(Saved entries)

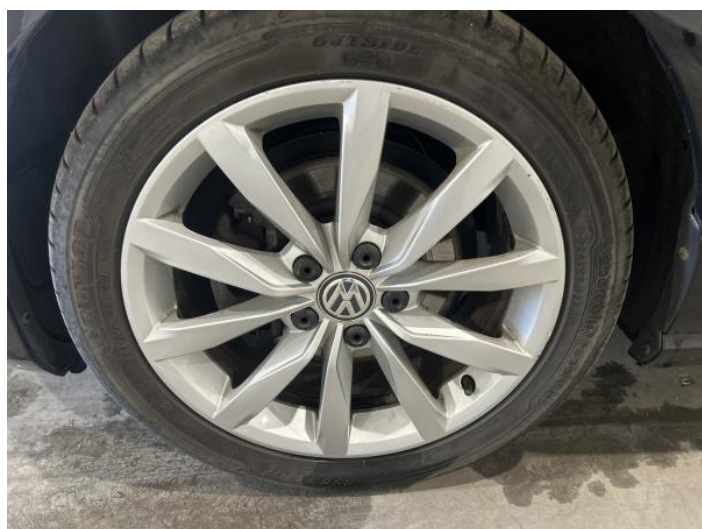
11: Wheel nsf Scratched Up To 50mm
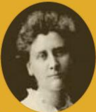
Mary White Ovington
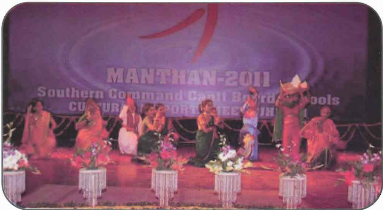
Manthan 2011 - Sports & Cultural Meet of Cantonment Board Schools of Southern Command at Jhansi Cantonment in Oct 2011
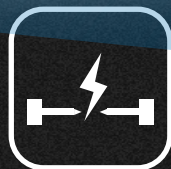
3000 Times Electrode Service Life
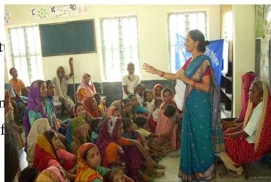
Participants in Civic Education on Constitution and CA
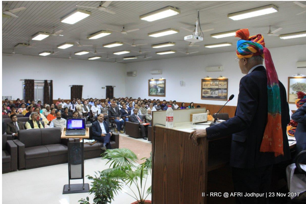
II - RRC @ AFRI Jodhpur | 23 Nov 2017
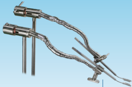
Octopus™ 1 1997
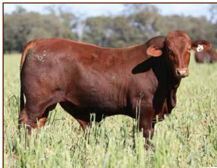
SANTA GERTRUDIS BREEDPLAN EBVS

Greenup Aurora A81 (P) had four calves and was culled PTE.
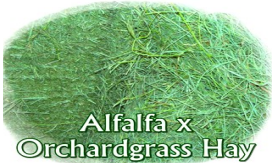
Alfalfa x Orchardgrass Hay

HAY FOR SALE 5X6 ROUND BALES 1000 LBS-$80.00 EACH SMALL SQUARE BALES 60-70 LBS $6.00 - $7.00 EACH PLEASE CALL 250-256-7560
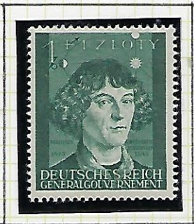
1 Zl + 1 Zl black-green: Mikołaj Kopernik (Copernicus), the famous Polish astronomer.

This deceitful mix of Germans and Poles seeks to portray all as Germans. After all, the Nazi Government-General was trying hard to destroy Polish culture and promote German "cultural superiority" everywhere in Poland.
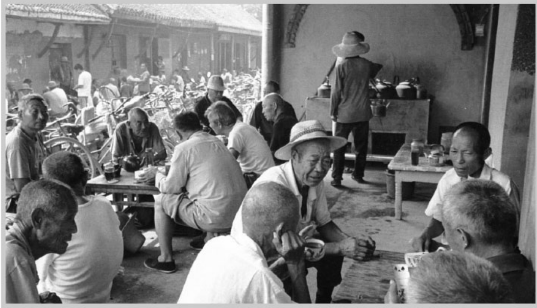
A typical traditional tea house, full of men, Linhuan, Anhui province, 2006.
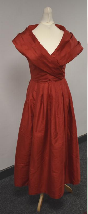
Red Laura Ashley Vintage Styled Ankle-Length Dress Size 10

...

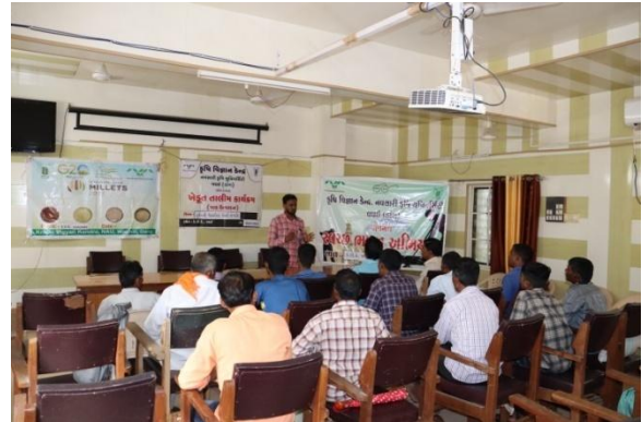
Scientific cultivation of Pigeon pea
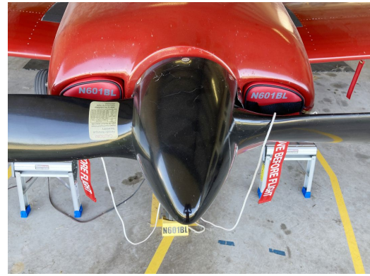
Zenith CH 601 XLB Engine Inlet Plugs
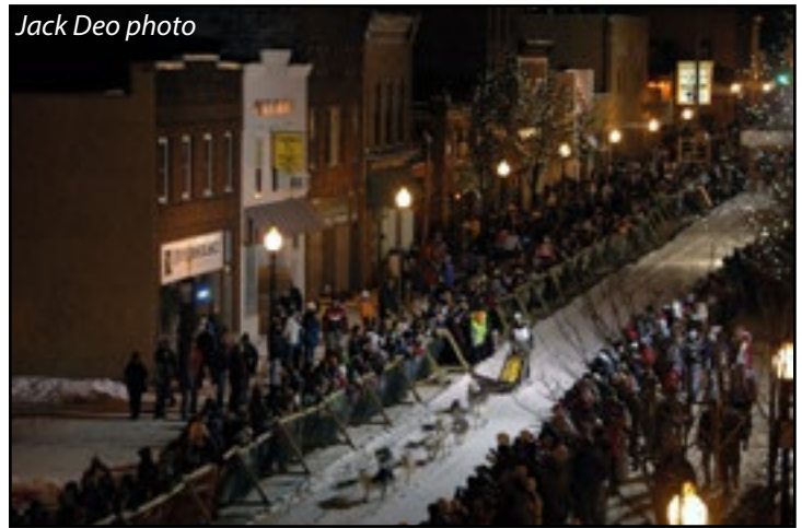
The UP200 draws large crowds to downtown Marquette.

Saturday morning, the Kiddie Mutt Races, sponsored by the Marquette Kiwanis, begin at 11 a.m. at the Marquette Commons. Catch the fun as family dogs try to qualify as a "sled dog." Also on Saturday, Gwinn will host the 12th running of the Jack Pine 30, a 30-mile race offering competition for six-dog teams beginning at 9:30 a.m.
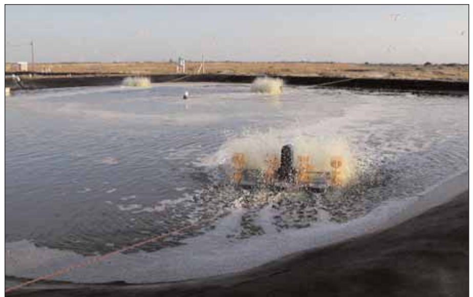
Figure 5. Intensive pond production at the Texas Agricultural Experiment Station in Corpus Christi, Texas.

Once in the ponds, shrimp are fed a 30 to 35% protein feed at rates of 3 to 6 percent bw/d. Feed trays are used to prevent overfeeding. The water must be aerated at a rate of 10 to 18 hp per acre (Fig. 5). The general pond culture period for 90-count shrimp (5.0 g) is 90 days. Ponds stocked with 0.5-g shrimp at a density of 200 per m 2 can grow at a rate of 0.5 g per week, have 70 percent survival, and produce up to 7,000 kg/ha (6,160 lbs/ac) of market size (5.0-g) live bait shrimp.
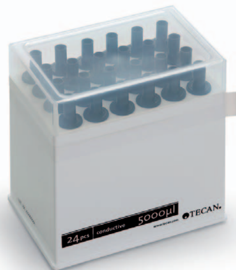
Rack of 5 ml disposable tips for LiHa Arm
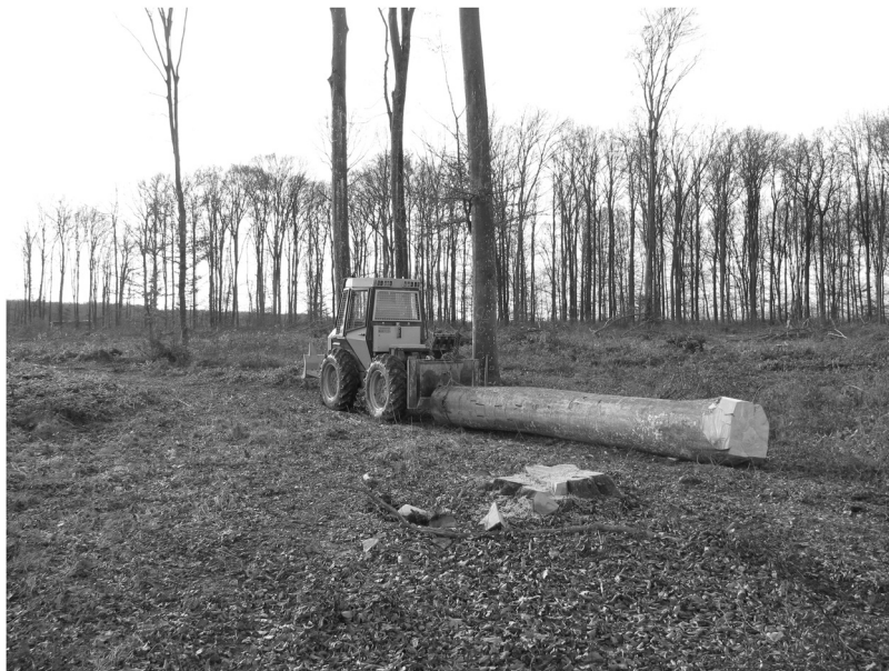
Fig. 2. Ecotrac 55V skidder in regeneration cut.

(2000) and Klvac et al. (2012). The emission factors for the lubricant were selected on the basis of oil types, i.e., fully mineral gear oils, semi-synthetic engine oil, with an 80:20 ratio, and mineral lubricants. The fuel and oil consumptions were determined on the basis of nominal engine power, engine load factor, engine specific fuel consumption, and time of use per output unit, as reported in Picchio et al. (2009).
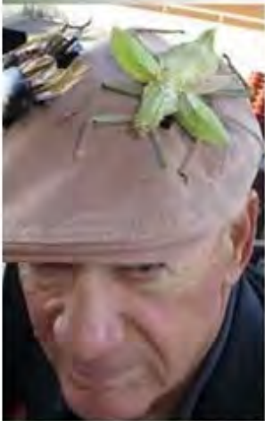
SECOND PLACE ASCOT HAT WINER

* [ACTIVITY]:
Nothing except the lines from the one containing "Mary White Ovington" through the one containing "Red Laura Ashley" should appear in the answer, exactly as above and without pictures.

* [RESPONSE AREA]:
Mary White Ovington
Manthan 2011 - Sports & Cultural Meet of Cantonment Board Schools of Southern Command at Jhansi Cantonment in Oct 2011
3000 Times Electrode Service Life
Participants in Civic Education on Constitution and CA
II - RRC @ AFRI Jodhpur | 23 Nov 2017
Octopus™ 1 1997
SANTA GERTRUDIS BREEDPLAN EBVS

Greenup Aurora A81 (P) had four calves and was culled PTE.
Alfalfa x Orchardgrass Hay

HAY FOR SALE 5X6 ROUND BALES 1000 LBS-$80.00 EACH SMALL SQUARE BALES 60-70 LBS $6.00 - $7.00 EACH PLEASE CALL 250-256-7560
1 Zl + 1 Zl black-green: Mikołaj Kopernik (Copernicus), the famous Polish astronomer.

This deceitful mix of Germans and Poles seeks to portray all as Germans. After all, the Nazi Government-General was trying hard to destroy Polish culture and promote German "cultural superiority" everywhere in Poland.
A typical traditional tea house, full of men, Linhuan, Anhui province, 2006.
Red Laura Ashley Vintage Styled Ankle-Length Dress Size 10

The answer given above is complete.